- _MATERIAL PROVIDED_
___
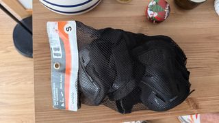 Set completo de protecciones Oxelo en talla XXS. Incluye rodilleras, coderas y muñequeras. - Color negro. - Cierre con velcro. - Incluye bolsa de malla.
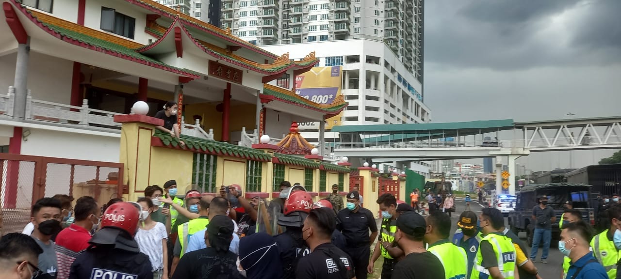 Rusuhan di Hadapan Tokong, Anggota Polis Diserang.#malaysiagazette pic.twitter.com/FPtK2EFeuo
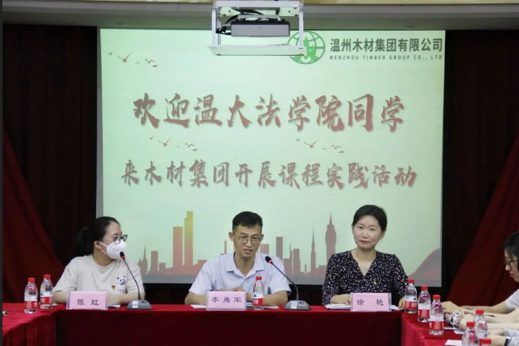 为贯彻人才培养战略,深化校企联系合作,6月14日,60余名温州大学法学专业学子在民商经济法系主任李勇军和禁漫天堂 老师柯莉拉的带领下,赴木材集团开展企业法务实践活动。木材集团相关部室负责人陪同参观。
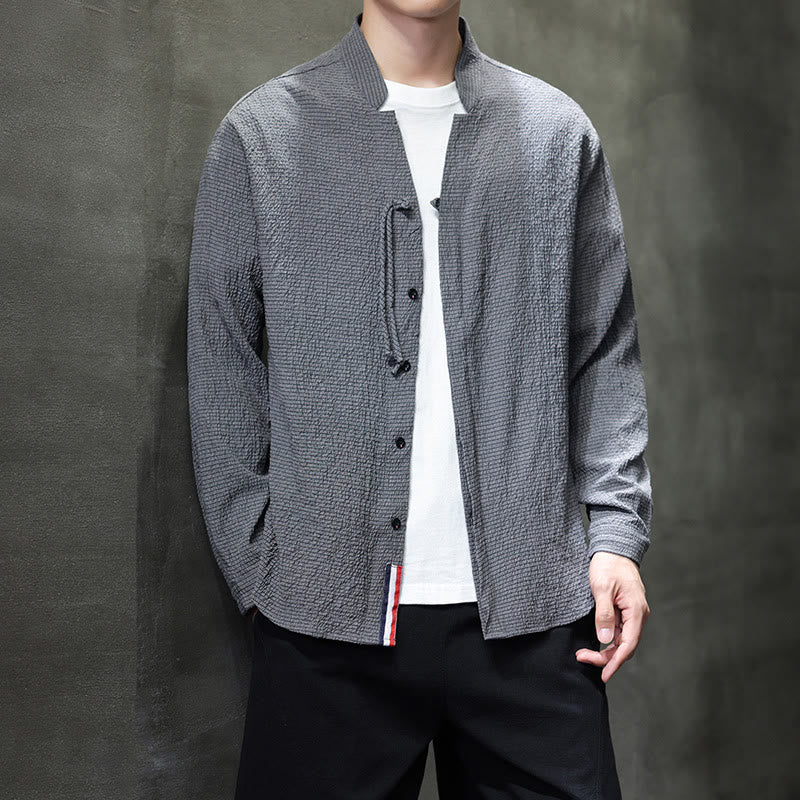 Camisa informal de hombre con botones de rana y Buddha Stones en color liso
___
- _THE PROBLEM_
Pictures stay out; the data above is to be returned exactly.

- _ANSWER BOX_
 Set completo de protecciones Oxelo en talla XXS. Incluye rodilleras, coderas y muñequeras. - Color negro. - Cierre con velcro. - Incluye bolsa de malla.
 Rusuhan di Hadapan Tokong, Anggota Polis Diserang.#malaysiagazette pic.twitter.com/FPtK2EFeuo
 为贯彻人才培养战略,深化校企联系合作,6月14日,60余名温州大学法学专业学子在民商经济法系主任李勇军和禁漫天堂 老师柯莉拉的带领下,赴木材集团开展企业法务实践活动。木材集团相关部室负责人陪同参观。
 Camisa informal de hombre con botones de rana y Buddha Stones en color liso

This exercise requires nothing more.